Hows it going people, Im kinda new here, but ive got a little bit of basics down on the Skylines & RB26 motors. But the thing is im looking to do the soon to be very popular "RB25/Silvia" swap. Theres a few things that are kinda keeping me from this though(Aside from its growing popularity by more & more people). First off, I can barely find anybody who has worked this motor & put it through its phases. I hear alot of good things about it, but yet it seems to be in the the black sheep of the Nissan line. Its kinda understood:why have a RB25, when you can have a RB26? Im not a multi-millionare, but I know for the work to get that motor in a Silvia isnt worth it.

Next, does anybody know exactly how much boost & hp the bottem end can take before needing to have new parts?

I intend for this project to be a daily driver for a little bit, but in the same aspect I want the to run with my friends in their Supras, RX7s, etc....

Basically i'm curious as to what will be the best way to run mid-to-low 10 second e.t.s on a reliable daily driven car. Be aware that im not really big on nitrous , but if it must be used then so be it


----------



## Carlito (Aug 13, 2003)

It's not as strong as the RB26DETT but it can still handle (I believe) somewhere about double the stock HP on the stock internals. I've heard that the RB20DET has about the same HP potential as the RB25DET, because it can rev harder (shorter stroke) and the only RB25DET I have personal experience with detonated to death because of inadequate fuel and a stuck thermostat.
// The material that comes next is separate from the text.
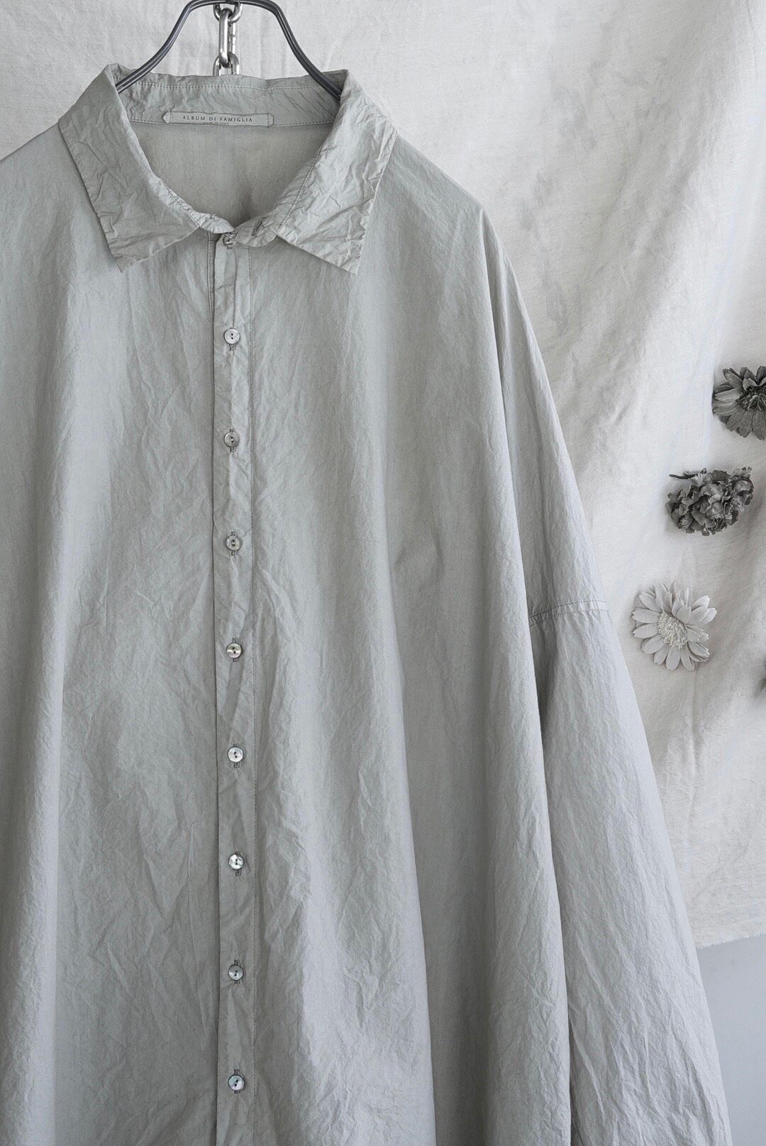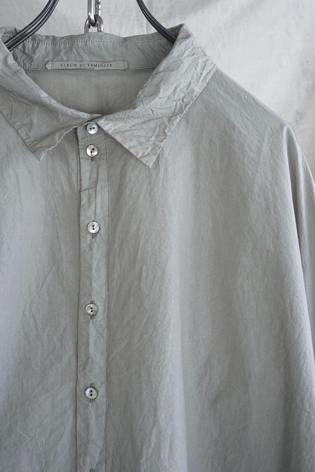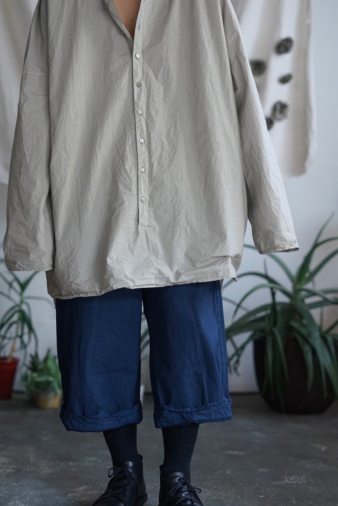 ドロップショルダーのルーズシルエットプルオーバー。シャリっけの強いドライタッチコットン。製品染めのストーングレイ。ディープにえぐれる10ボタンのフロントデザイン。細番手で打ち込み良い生地の皺が生み出す、色気さえ感じる表情。前後段違いのレングスにサイドスリットディティール。拘りを感じるシェルボタン。筒仕様のロンガースリーブを捲りバランスを作る楽しさを。
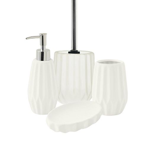 Set de salle de bain - FACETTE - LEVASSEURCe set de salle de bain en céramique, fait partie de la gamme FACETTE. Il contient un distributeur de savon, un porte savon, un porte brosse à dent et une brosse WC.Cette gamme est conçue pour transformer vos accessoires de salle de bains en objet de décora

So I tend to be more of a RB20DET fan. But lots of people are running 11's in Australia and New Zealand on RB25DET's. Go to www.skylinesdownunder.com and ask a few questions on the forum.


----------



## Pete-flint (Jul 29, 2003)

You can also get some advice from www.skylineowners.com Lots of GTS owners there, myself included, also some tuners are club members. Just click and ask.


----------



## 3zguy4life (Feb 5, 2003)

*excuse me mate*

is a SKYLINE an in-line 4 cylinder or a striaght 6!


----------



## ThaSpeedDemon (Aug 25, 2003)

Its a straight 6


----------



## Cullam3n (Aug 22, 2003)

*Re: excuse me mate*



3zguy4life said:


> *is a SKYLINE an in-line 4 cylinder or a striaght 6! *


Is it just me or did you post this at least 4 different times? Only ask a question once, and that's after you used the *search* button.

-PC


----------



## ThaSpeedDemon (Aug 25, 2003)

If your curious about what a Skyline has in it...think about it like this.....Itd be pointless to put twin turbos on a 4-cylinder, so it must be a Straight 6


----------



## wwmjax (Mar 24, 2003)

ThaSpeedDemon said:


> *If your curious about what a Skyline has in it...think about it like this.....Itd be pointless to put twin turbos on a 4-cylinder, so it must be a Straight 6 *


correct... and youve got a 300z... wtf?


----------



## Carlito (Aug 13, 2003)

There was a 4-cylinder R32 Skyline available in Japan. It had the CA18 engine and 4-doors, and IMHO was a travesty - a mutant that shoulda been stillborn!


----------



## 94-6-vision (Jul 6, 2003)

*More RB25 stuff....*

I was just wondering what the power curve for the RB25 looked like. Anyone have a dyno scanned? I'm one of the pround 240 owners, but like all of us, I lust after skylines. The Sr20 isn't going to give me the bang that I'm looking for so I want the RB is just want to know what the top speed is and what the power curve looks like.


----------